2. The PE fabric thickness online monitoring roller according to claim 1, characterized in that, The PE cloth support assembly (2) includes a support roller (201) installed in the middle of the lower base (1), and the surface of the support roller (201) is coated with an enamel layer (202).
3. The PE fabric thickness online monitoring roller according to claim 1, characterized in that, The inner wall of the rear rotating shaft (404) is welded to the inner wall of the rear support bearing (403). The end of the rear rotating shaft (404) is connected to the rotary encoder (406). The rotary encoder (406) is electrically connected to the master control sensor (3).
4. The PE fabric thickness online monitoring roller according to claim 1, characterized in that, The surface of the roller shaft (407) is equipped with an induction roller (408). The roller shaft (407) is connected to the rotating shaft arm (405) by a bearing. The roller shaft (407) rotates along the rear support bearing (403) via the rotating shaft arm (405) and the rear rotating shaft (404).

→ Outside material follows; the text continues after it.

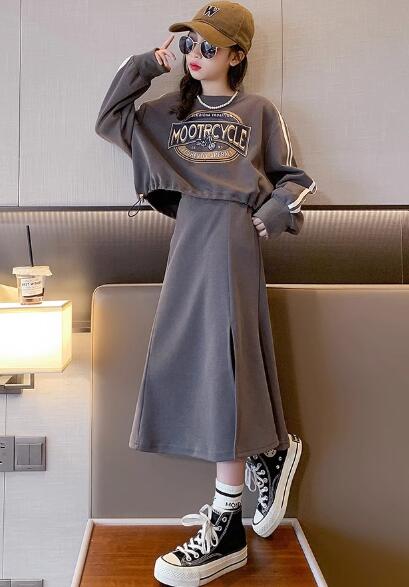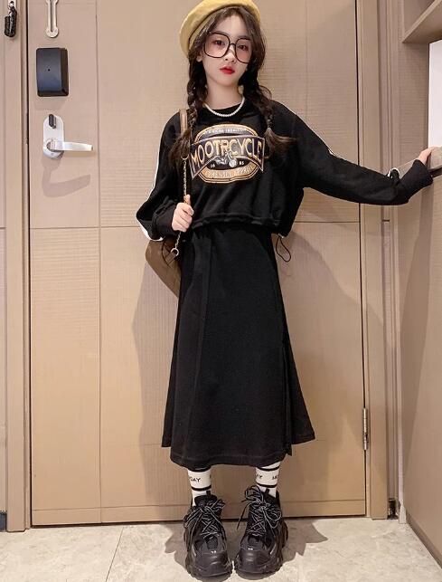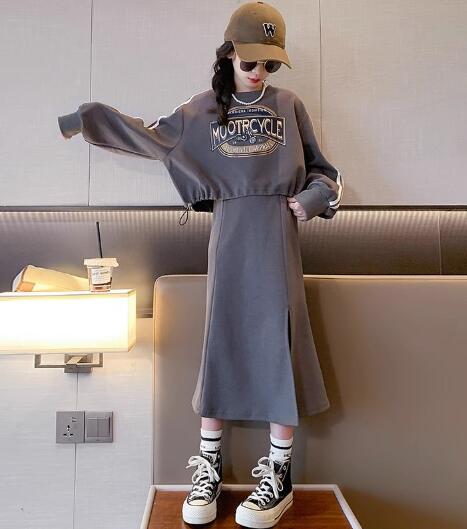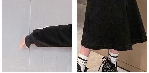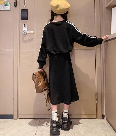 柔らかい綿混合素材の長袖トップスと、トレンドのロングワンピースがセットになっています。

5. The PE fabric thickness online monitoring roller according to claim 1, characterized in that, The inner wall of the driven shaft bracket (409) is welded to the roller shaft (407), and the driven shaft bracket (409) is connected to the inner side of the upper base (401) by a slot. The driven shaft bracket (409) is arranged in two symmetrical sets on the left and right.

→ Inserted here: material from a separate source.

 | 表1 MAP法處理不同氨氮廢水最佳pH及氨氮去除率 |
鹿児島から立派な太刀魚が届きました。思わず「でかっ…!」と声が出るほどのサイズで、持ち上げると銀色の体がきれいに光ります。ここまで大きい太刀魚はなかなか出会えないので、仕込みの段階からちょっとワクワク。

6. The PE fabric thickness online monitoring roller according to claim 1, characterized in that, The force-receiving damper (410) and the driven shaft frame (409) are welded together. The force-receiving damper (410) is arranged in two symmetrical sets. A spring (411) is sleeved on the surface of the force-receiving damper (410). The force-receiving damper (410) and the damping deformation sensor (412) are electrically connected. The damping deformation sensor (412) and the main control sensor (3) are electrically connected.
7. The PE fabric thickness online monitoring roller according to claim 1, characterized in that, A laser scanning probe (5) is installed on the rear side of the lower base (1), and a laser data processor (6) is installed on the outer side of the laser scanning probe (5). The laser data processor (6) is electrically connected to the master control sensor (3).